Exercise goal
A faithful copy of the data, pictures omitted, is the required answer.

================

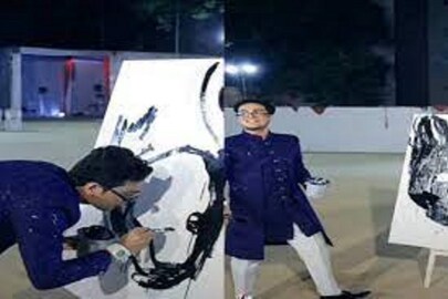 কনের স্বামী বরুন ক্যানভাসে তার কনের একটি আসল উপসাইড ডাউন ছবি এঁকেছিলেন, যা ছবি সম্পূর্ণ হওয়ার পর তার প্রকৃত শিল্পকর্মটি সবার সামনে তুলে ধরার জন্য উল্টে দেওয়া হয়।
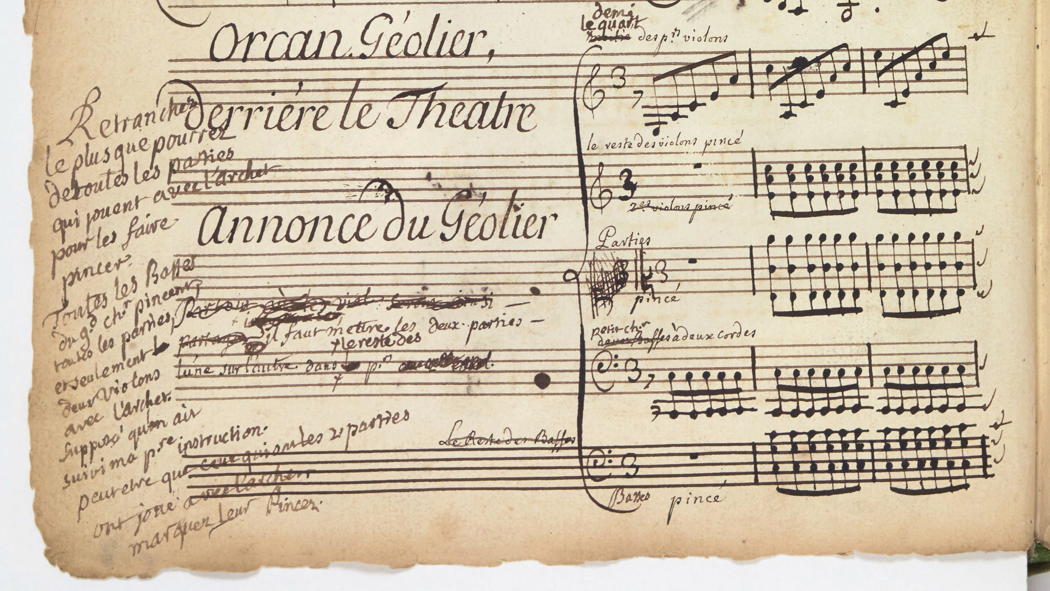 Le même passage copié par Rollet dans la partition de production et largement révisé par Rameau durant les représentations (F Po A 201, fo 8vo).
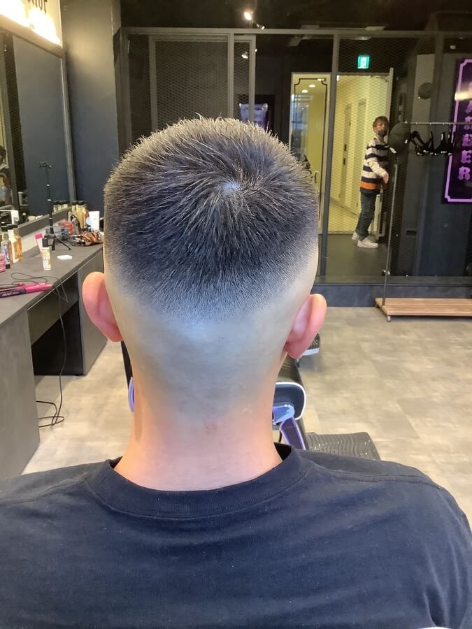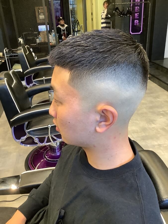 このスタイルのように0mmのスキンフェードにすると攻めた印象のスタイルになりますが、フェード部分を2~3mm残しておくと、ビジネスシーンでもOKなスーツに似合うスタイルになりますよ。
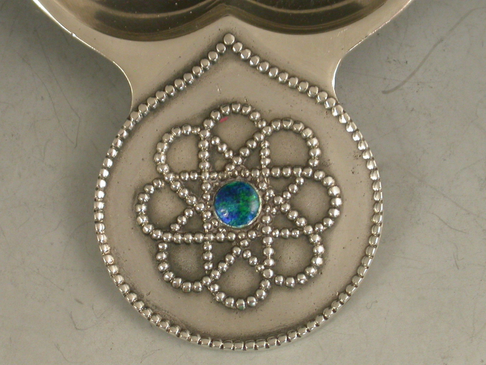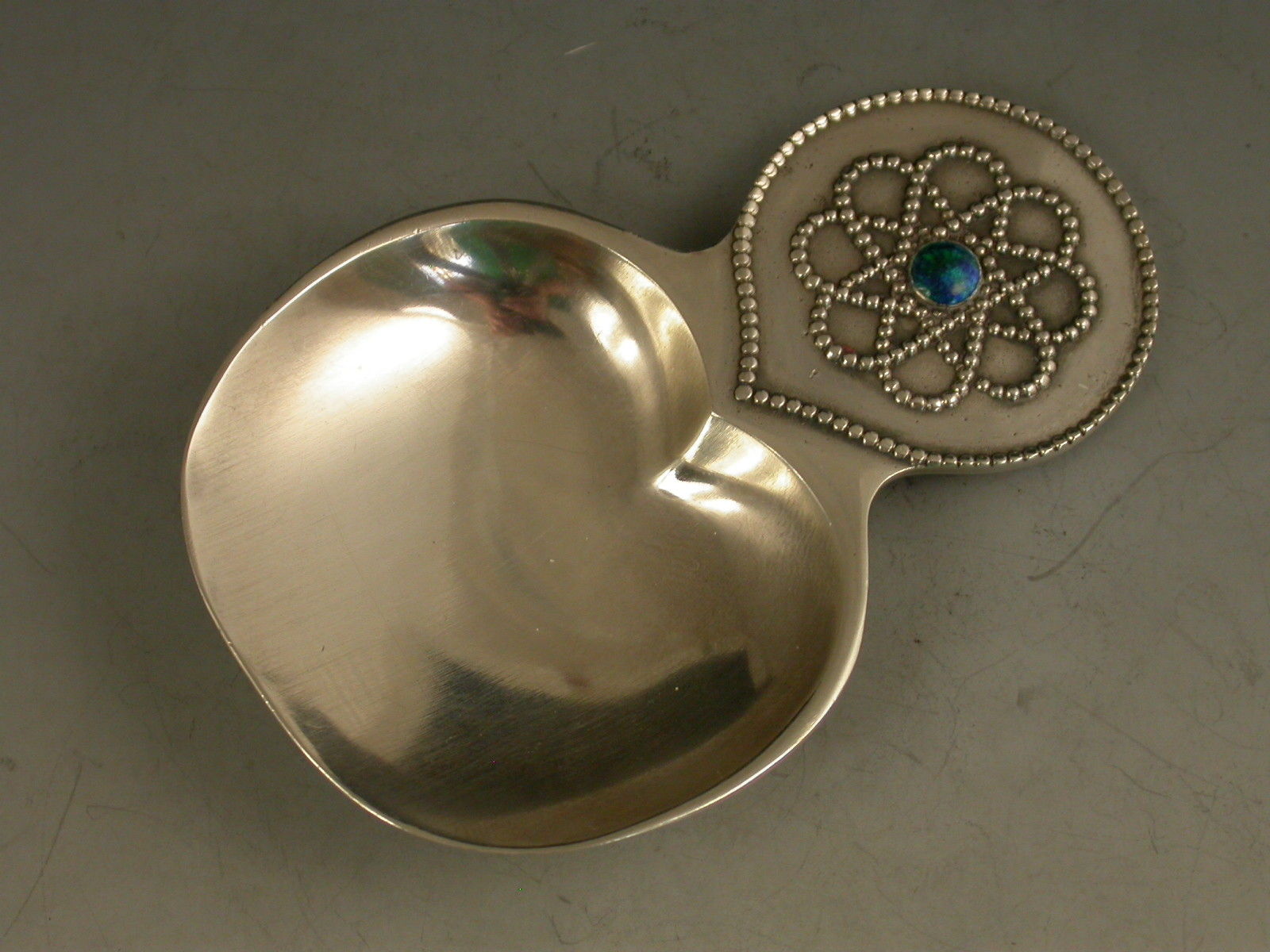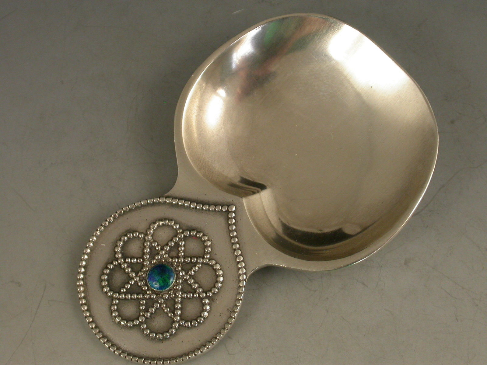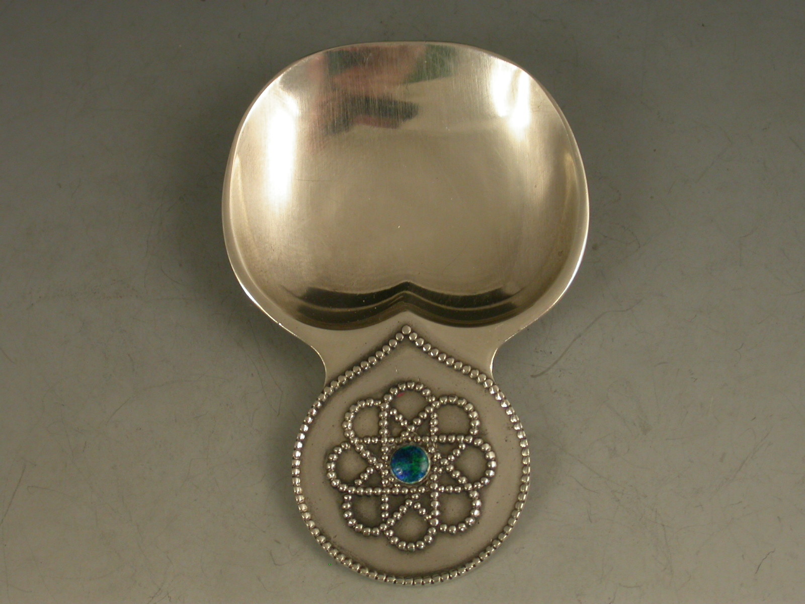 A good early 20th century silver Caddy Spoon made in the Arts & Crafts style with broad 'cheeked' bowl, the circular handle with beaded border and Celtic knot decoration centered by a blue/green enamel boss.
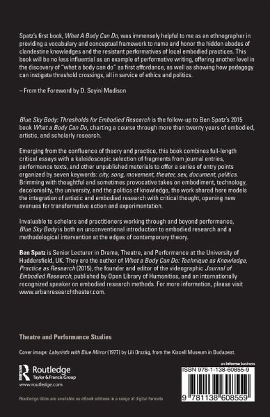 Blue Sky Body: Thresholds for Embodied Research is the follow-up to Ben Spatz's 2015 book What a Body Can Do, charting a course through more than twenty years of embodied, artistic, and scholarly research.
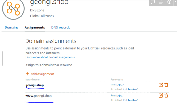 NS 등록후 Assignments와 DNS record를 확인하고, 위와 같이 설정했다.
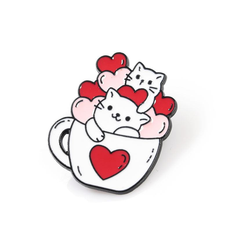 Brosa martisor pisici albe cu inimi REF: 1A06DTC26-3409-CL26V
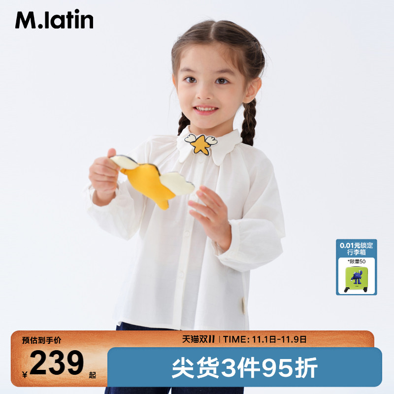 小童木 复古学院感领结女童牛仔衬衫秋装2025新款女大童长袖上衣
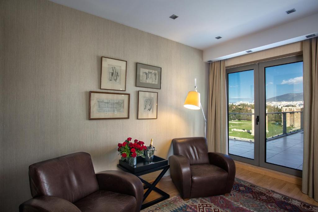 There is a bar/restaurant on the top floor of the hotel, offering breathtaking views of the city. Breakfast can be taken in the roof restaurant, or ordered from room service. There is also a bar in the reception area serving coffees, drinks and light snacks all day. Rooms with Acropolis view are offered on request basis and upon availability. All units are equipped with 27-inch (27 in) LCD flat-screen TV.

================

Exercise answer
 কনের স্বামী বরুন ক্যানভাসে তার কনের একটি আসল উপসাইড ডাউন ছবি এঁকেছিলেন, যা ছবি সম্পূর্ণ হওয়ার পর তার প্রকৃত শিল্পকর্মটি সবার সামনে তুলে ধরার জন্য উল্টে দেওয়া হয়।
 Le même passage copié par Rollet dans la partition de production et largement révisé par Rameau durant les représentations (F Po A 201, fo 8vo).
 このスタイルのように0mmのスキンフェードにすると攻めた印象のスタイルになりますが、フェード部分を2~3mm残しておくと、ビジネスシーンでもOKなスーツに似合うスタイルになりますよ。
 A good early 20th century silver Caddy Spoon made in the Arts & Crafts style with broad 'cheeked' bowl, the circular handle with beaded border and Celtic knot decoration centered by a blue/green enamel boss.
 Blue Sky Body: Thresholds for Embodied Research is the follow-up to Ben Spatz's 2015 book What a Body Can Do, charting a course through more than twenty years of embodied, artistic, and scholarly research.
 NS 등록후 Assignments와 DNS record를 확인하고, 위와 같이 설정했다.
 Brosa martisor pisici albe cu inimi REF: 1A06DTC26-3409-CL26V
 小童木 复古学院感领结女童牛仔衬衫秋装2025新款女大童长袖上衣
 There is a bar/restaurant on the top floor of the hotel, offering breathtaking views of the city. Breakfast can be taken in the roof restaurant, or ordered from room service. There is also a bar in the reception area serving coffees, drinks and light snacks all day. Rooms with Acropolis view are offered on request basis and upon availability. All units are equipped with 27-inch (27 in) LCD flat-screen TV.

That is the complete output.